## Problem statement
Transcribe the listing below exactly, from its first line through the line with "花衣裳新品辛西娅纸轻舞单色卷装包装纸纯色鲜花花束防水包装 投诉". Omit the pictures.

## Supplied information
=== Section Start ===

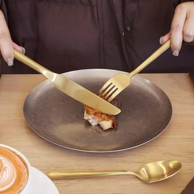 - 【How to Care】Please use a mild dish soap and warm water to clean the silverware. Avoid using steel wire brushes, hard sponges, or any other abrasive cleaning tools, as they can cause damage to the flatware.
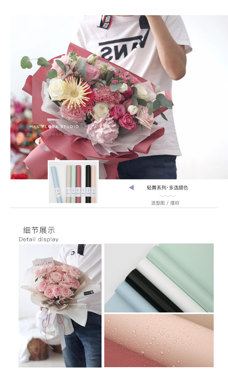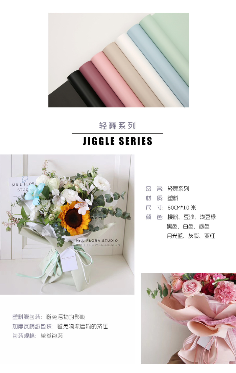 花衣裳新品辛西娅纸轻舞单色卷装包装纸纯色鲜花花束防水包装 投诉
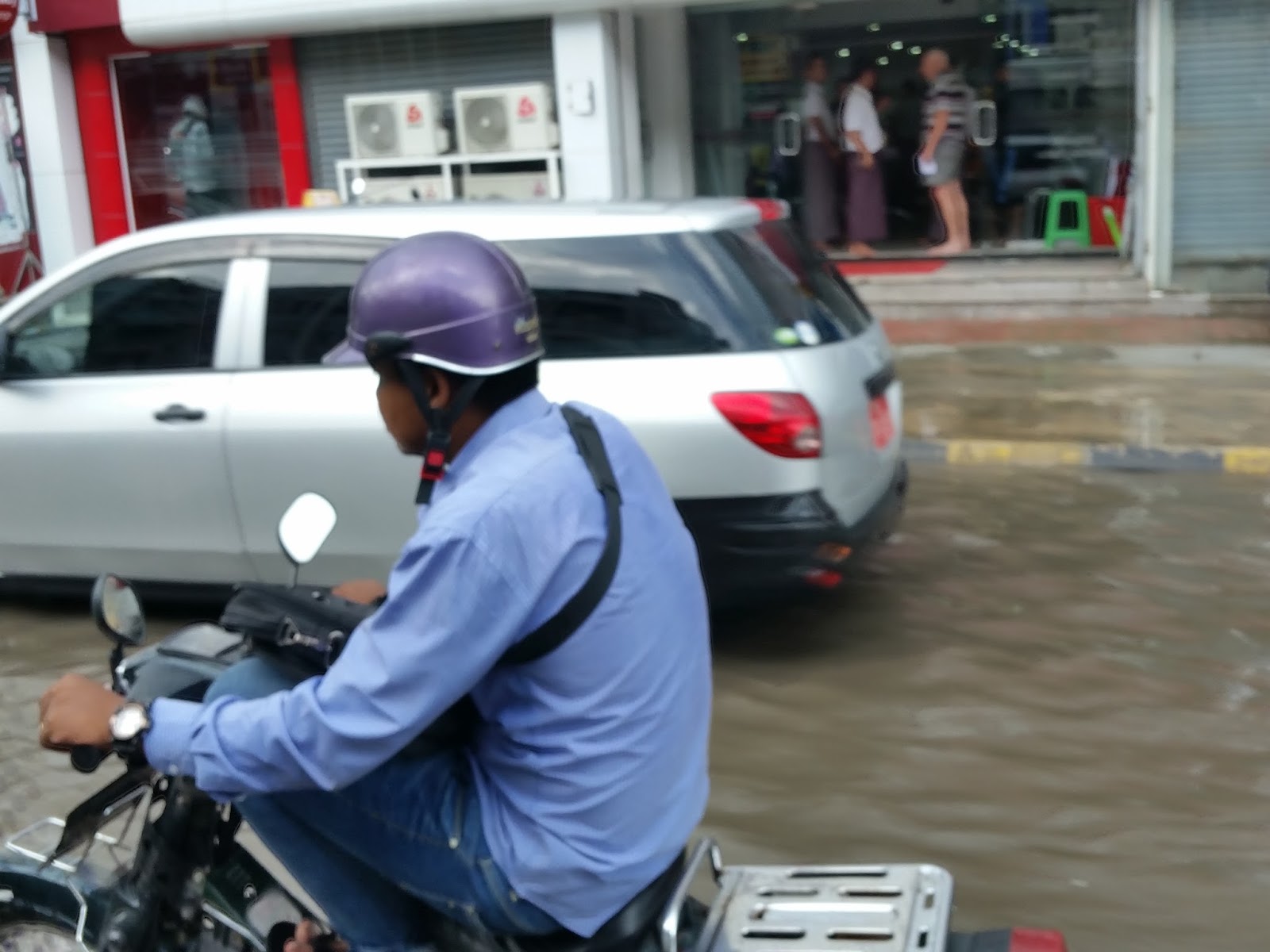 O aeroporto de Mandalay fica a 35 km da cidade, ou seja, distante da cidade. O percurso levou cerca de 1 hora e choveu torrencialmente. As ruas estavam alagadas. Assim que chegou no centro senti um choque cultural. Fui a primeira pessoa a ser deixada. Ajudaram-me a pegar a mala e pulei sobre o rio que se formava.

=== Section End ===

## Response box
 - 【How to Care】Please use a mild dish soap and warm water to clean the silverware. Avoid using steel wire brushes, hard sponges, or any other abrasive cleaning tools, as they can cause damage to the flatware.
 花衣裳新品辛西娅纸轻舞单色卷装包装纸纯色鲜花花束防水包装 投诉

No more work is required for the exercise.